***** Data block *****

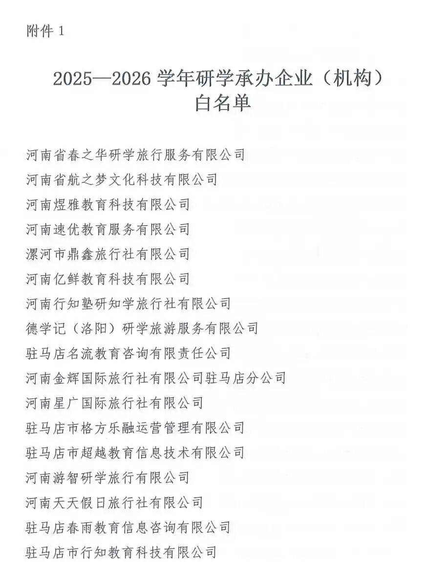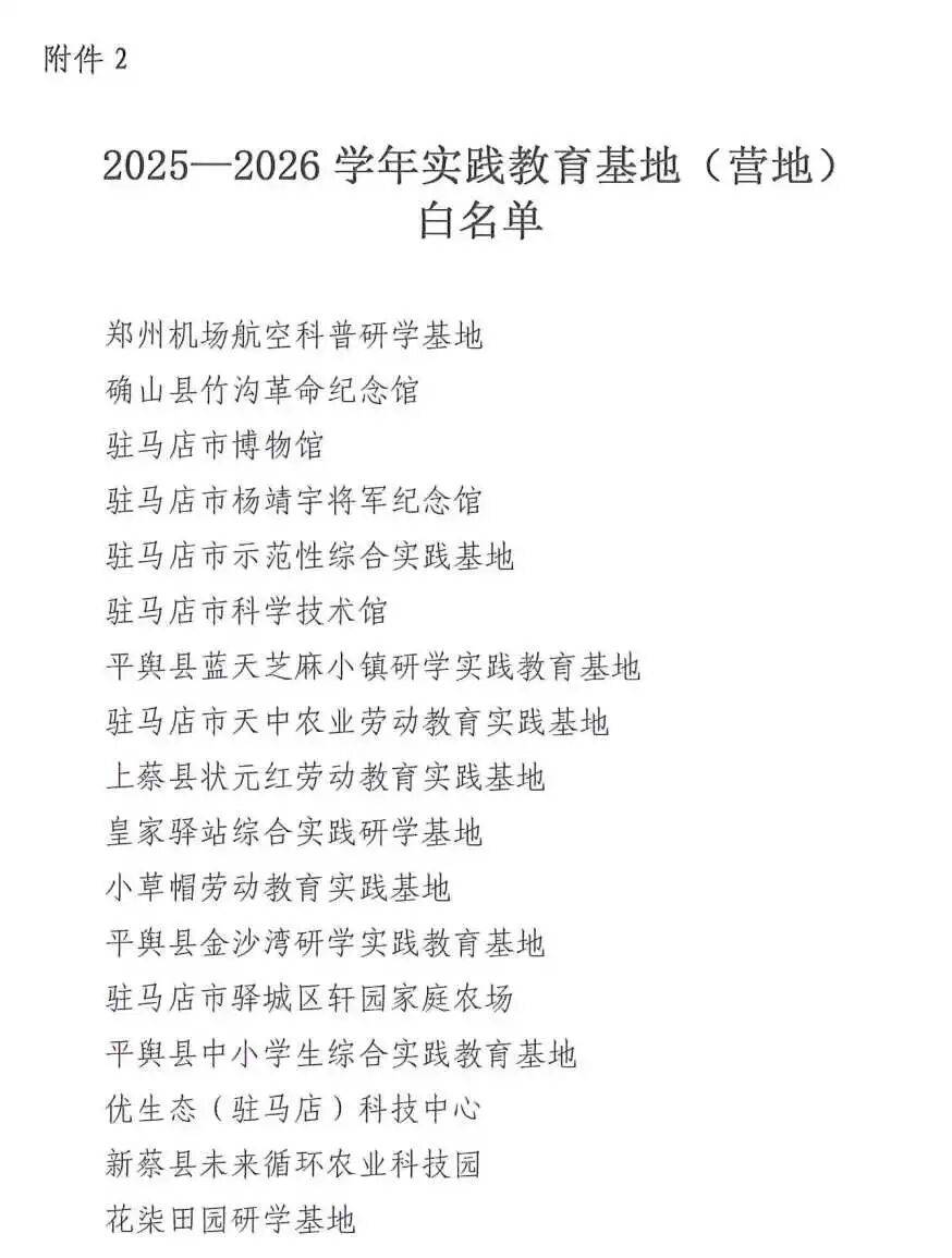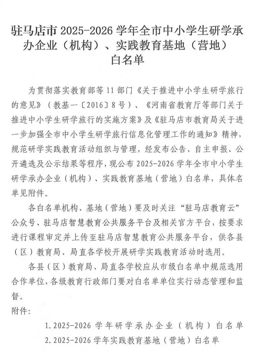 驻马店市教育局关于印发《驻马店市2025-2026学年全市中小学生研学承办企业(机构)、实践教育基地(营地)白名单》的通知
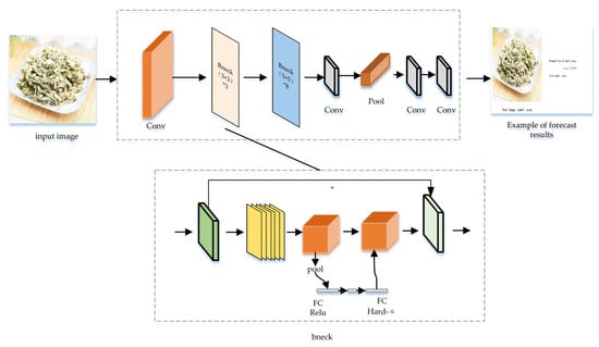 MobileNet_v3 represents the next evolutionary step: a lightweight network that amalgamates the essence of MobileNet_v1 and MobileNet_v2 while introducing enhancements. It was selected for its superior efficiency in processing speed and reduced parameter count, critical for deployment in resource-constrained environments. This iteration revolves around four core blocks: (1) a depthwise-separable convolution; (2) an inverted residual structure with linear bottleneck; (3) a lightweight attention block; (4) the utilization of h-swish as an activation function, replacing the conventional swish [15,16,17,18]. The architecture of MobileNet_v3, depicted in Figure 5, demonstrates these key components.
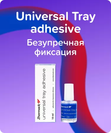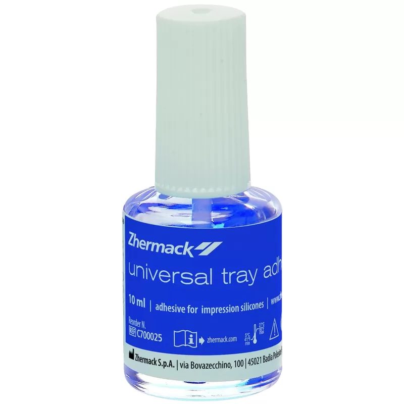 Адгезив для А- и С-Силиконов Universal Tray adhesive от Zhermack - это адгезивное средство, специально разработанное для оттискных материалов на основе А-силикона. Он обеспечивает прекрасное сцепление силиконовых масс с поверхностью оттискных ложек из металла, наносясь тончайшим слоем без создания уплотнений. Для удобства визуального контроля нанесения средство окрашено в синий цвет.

*****

Directions for this task »
Only the pictures are to be omitted; restate everything else above exactly.

Task answer »
 驻马店市教育局关于印发《驻马店市2025-2026学年全市中小学生研学承办企业(机构)、实践教育基地(营地)白名单》的通知
 MobileNet_v3 represents the next evolutionary step: a lightweight network that amalgamates the essence of MobileNet_v1 and MobileNet_v2 while introducing enhancements. It was selected for its superior efficiency in processing speed and reduced parameter count, critical for deployment in resource-constrained environments. This iteration revolves around four core blocks: (1) a depthwise-separable convolution; (2) an inverted residual structure with linear bottleneck; (3) a lightweight attention block; (4) the utilization of h-swish as an activation function, replacing the conventional swish [15,16,17,18]. The architecture of MobileNet_v3, depicted in Figure 5, demonstrates these key components.
 Адгезив для А- и С-Силиконов Universal Tray adhesive от Zhermack - это адгезивное средство, специально разработанное для оттискных материалов на основе А-силикона. Он обеспечивает прекрасное сцепление силиконовых масс с поверхностью оттискных ложек из металла, наносясь тончайшим слоем без создания уплотнений. Для удобства визуального контроля нанесения средство окрашено в синий цвет.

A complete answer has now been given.